Environmental report key to future of third runway at Hong Kong airport
Public must accept assessment on airport expansion, which green groups say will harm marine environment

The fate of Hong Kong's costliest infrastructure project - a third airport runway - hinges on how well the public accepts the results of an environmental impact assessment (EIA) unveiled yesterday.
Adding another runway would boost the capacity of the airport by about 44 per cent by 2023 to meet expected growth in air traffic. The existing two runways are forecast to reach capacity in 2019, according to the Airport Authority.
But environmentalists worry the project, the city's biggest since the construction of the airport in the mid-1990s, could spell disaster for the area's marine ecology because 672 hectares of seabed will be reclaimed.
They say endangered Chinese white dolphins living in or using the affected habitats off Lantau will be threatened, despite a pledge by the Airport Authority to expand a marine park when work is complete.
The authority's chairman, Vincent Lo Hong-sui, called the results of the two-year EIA study, which is now subject to public consultation, the "most comprehensive" ever conducted in Hong Kong.

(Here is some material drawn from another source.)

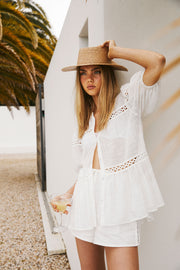 *THIS IS A SAMPLE* I am a one off Sabo sample of the Lacey Top. I have a brown mark on my top button and my size tag has unstitched. I cannot be returned, so I'm all yours to love and wear as your very own.

"Hong Kong International Airport is strategically important to sustaining the [the city's] development and economy," he said. "This is why we are doing everything practicable to address the likely environmental impacts."
No one from the authority had anything to say yesterday about the final price tag for the project, which was initially estimated at HK$136 billion but is expected to be tens of billions of dollars higher.